WHAT TO PRODUCE:
The material below holds pictures, which are to be left out; copy exactly the lines from the one with "仁(4画)田(5画)原(10画) 凜(15画)之(3画)介(4画)" through the one with "I was building".

INPUT DATA:
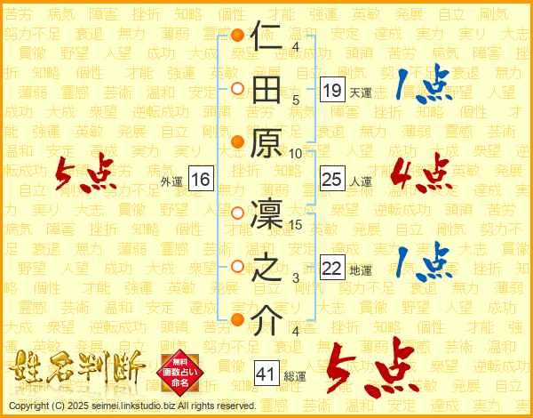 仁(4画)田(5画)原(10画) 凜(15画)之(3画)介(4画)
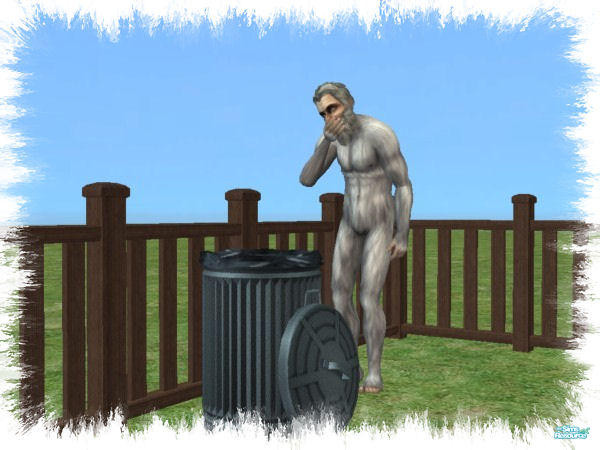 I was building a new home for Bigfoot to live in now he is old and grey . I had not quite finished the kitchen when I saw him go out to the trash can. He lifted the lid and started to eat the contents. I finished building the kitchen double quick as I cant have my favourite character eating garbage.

---

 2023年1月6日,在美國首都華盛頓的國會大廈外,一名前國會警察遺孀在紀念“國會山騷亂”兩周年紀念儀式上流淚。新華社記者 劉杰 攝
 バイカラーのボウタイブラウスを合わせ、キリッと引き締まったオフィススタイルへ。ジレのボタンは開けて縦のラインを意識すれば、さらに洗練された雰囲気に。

EXERCISE OUTPUT:
 仁(4画)田(5画)原(10画) 凜(15画)之(3画)介(4画)
 I was building a new home for Bigfoot to live in now he is old and grey . I had not quite finished the kitchen when I saw him go out to the trash can. He lifted the lid and started to eat the contents. I finished building the kitchen double quick as I cant have my favourite character eating garbage.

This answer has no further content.